February 18, 2010 / 2:29 PM / 9 years ago

Pakistan says Taliban arrest not due to U.S. pressure

BRUSSELS (Reuters) - Pakistan’s arrest of an Afghan Taliban commander was not done under pressure from its U.S. ally and shows the sincerity of its fight against terrorism, the foreign minister said on Thursday.

“We have done it because it is in our interests to do so,” Pakistani Foreign Minister Shah Mehmood Qureshi told Reuters on the sidelines of a security conference in Belgium.

“If you think that Pakistan is deploying over 100,000 troops on the western border under pressure, if you think we are conducting military operations in Pakistan under pressure, that’s the wrong impression,” he said at the EastWest Institute.

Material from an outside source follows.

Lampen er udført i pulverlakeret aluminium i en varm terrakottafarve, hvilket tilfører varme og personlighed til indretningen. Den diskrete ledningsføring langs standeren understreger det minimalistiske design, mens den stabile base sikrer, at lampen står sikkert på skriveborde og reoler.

Despite its denials, Pakistan has long turned a blind eye to Afghan Taliban members on its soil as leverage over Afghanistan where it has curried favor with successive governments as a strategic counterbalance to regional rival India.

“We do not want to see the Talibanisation of Pakistan,” he said. “This is service in a common cause.”

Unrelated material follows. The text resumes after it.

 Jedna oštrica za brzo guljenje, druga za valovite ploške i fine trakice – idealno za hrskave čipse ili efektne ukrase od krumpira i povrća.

His comments were the first by a senior Pakistani official about the arrest of Mullah Abdul Ghani Baradar, beyond terse statements confirming the event.

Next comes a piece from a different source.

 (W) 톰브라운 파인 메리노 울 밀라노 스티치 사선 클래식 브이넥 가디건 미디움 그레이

Baradar, the most senior Taliban commander ever arrested in Pakistan, was picked up in the southern city of Karachi this month in a raid by Pakistani and U.S. agents.

He was captured as U.S. forces spearheaded one of NATO’s biggest offensives against the Taliban in Afghanistan.

Qureshi dismissed a suggestion that the detention showed it had more clout and contacts with militant groups operating on Pakistani soil than it publicly maintains.

“It (the arrest) is a reflection of Pakistan’s seriousness in dealing with terrorism and terrorists,” Qureshi said.

“The world should have been appreciative that a person known to be involved in activities in Afghanistan where there are soldiers from NATO and ISAF was arrested. This is positive.”

The United States and its Western allies have trusted Pakistani intelligence to help combat al Qaeda, but there have long been suspicions that it has taken a permissive line over the Afghan Taliban, allowing the militants freedom to attack Afghanistan over the border.

The United States has said the Taliban leadership council has been operating in Pakistan for years.

Qureshi dismissed the notion that Baradar’s arrest showed that Pakistan could, if it chose, move more forcefully against Pakistani militant groups that see Indian as their main enemy.

He also denied that it was a ploy to ease U.S. pressure on Islamabad for increased help in stabilizing Afghanistan.

Some analysts said the Pakistani security establishment realized it must demonstrate cooperation with the United States to stake its claim to a role in any Afghan peace process.

“Can’t the skeptics see the price we have paid for terrorism? The lives lost? The huge economic cost?,” he said. “You can always say the glass is half empty or half full but we feel public opinion has moved against extremism convincingly.”

“We have lost more than anyone else in this fight.”